Growing tensions erupted in July 2007 when former generals began organising protests to demand higher retirement funds, claiming they could not survive on their pensions.
|Protests rocked Dhalie in March and April 2008 [AFP]|
The latest tide of protests erupted on March 28, when tanks, helicopters, and fighter jets were brought in to quell three days of riots in the southern city of Dhalie.
Young men burned tires to block the street from Sanaa to Aden and set two police stations and several military vehicles on fire.
People accused of instigating the riots were arrested and public demonstrations eased off, though protests continued in Dhalie and nearby Lahaj.
Since then, large scale demonstrations have waned, but armed attacks against the government have increased.
In mid-September, three coordinated bombings, unclaimed by any specific group, targeted Central Security and Criminal Investigation offices in the southern provinces of Abyan.
A recent report in Jane’s, an American military intelligence magazine, estimated that at least 15 separate attacks have occurred against military checkpoints in Aden and the southern province of Lahaj alone.
“The situation could become much more dangerous than other problems in Yemen,” says Mohammed al-Mutawakkal, a professor of politics at Sanaa University.
“The south comprises two-thirds of Yemen’s land and it used to be its own country.”
Al-Saidi’s group of retired generals and other movements have been calling on southerners to refrain from violence. But al-Sa’idi says that if the government does not meet their needs, the situation might get out of control.
“We are living under occupation,” he says. “The tribal military regime in the north does not care about Southerners. They just care about our land and wealth.”
Natural wealth control
Around 80 per cent of Yemen’s national budget comes from natural wealth drawn from the dry, barren expanses of the south.
Depleting reserves of natural gas and its primary export, oil, are extracted from southern deserts. The 900-kilometre coastline provides Yemen with fish, its second largest export and its largest port.
The government responded to the discontent earlier this year by raising the pensions of some former generals and giving others positions in the military.
“We made an agreement with the generals and there is a minority of people trying to take advantage of their legitimate grievances and turn it into a political situation,” Abubakr al-Qurbi, the minister of Foreign Affairs, told Al Jazeera.

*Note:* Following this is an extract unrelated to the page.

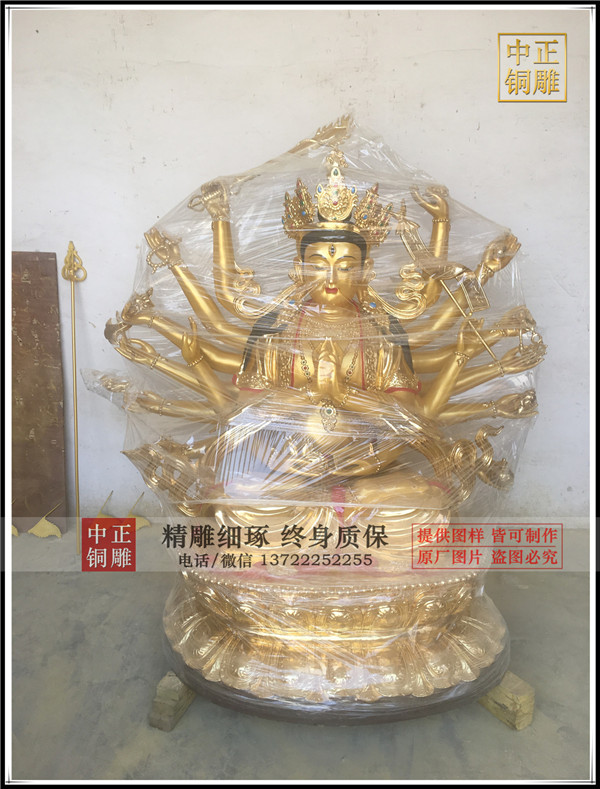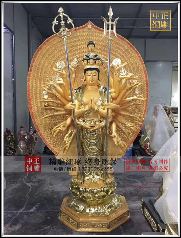 觀音的化身有很多,而千手觀音就是其中之一,而且還受到人們的虔誠供奉,但不知道大家是否了解千手觀音銅佛像的來歷呢,“千”為無量及圓滿之義,以“千手”表示大慈悲的無量廣大,以“千眼”代表智慧的圓滿無礙。千手千眼觀世音能利益安樂一切眾生,隨眾生之機。

Ali Abdullah Saleh, the president, has remained mostly silent on the tensions in the south, but Nassr al-Shaibani, the former endowments minister, issued a fatwa calling the southern generals apostates and permitting bloodshed of those who staged sit-ins and demonstrations.
Southern journalists say they have been up against a media blackout. Yemeni and foreign reporters have been arrested for attempting to cover demonstrations.
In February, one person was killed when the Sanaa home of the editor-in-chief of Al-Ayam newspaper, Yemen’s leading independent newspaper – largely perceived to be sympathetic to southern independence, was riddled with bullets.
|Al-Qurbi says Yemenis are interested in a united country and will prohibit secession [AFP]|
Many observers say it is unlikely that southerners will ever achieve independence, citing the government’s military dominance and the fact that south Yemen makes up less than one-fifth of the country’s population.
But with some southerners edging toward violence and with popular sentiment for independence higher than ever, the situation remains deadlocked.
“The only solution to the southern issue has to be a democratic one,” al-Mutawakkal said.
“The government needs to sit down with them and come up with a suitable agreement.”
A presidential order to release at least a dozen leaders of southern movements during Ramadan suggested that the government might be changing its tone.
But some say it is far from negotiating a comprehensive settlement.
“If these people want to make changes, they can form a political party and try to reform the government,” al-Qurbi said.
“Yemenis have worked hard to build unification. They will not allow anyone to break this country apart.”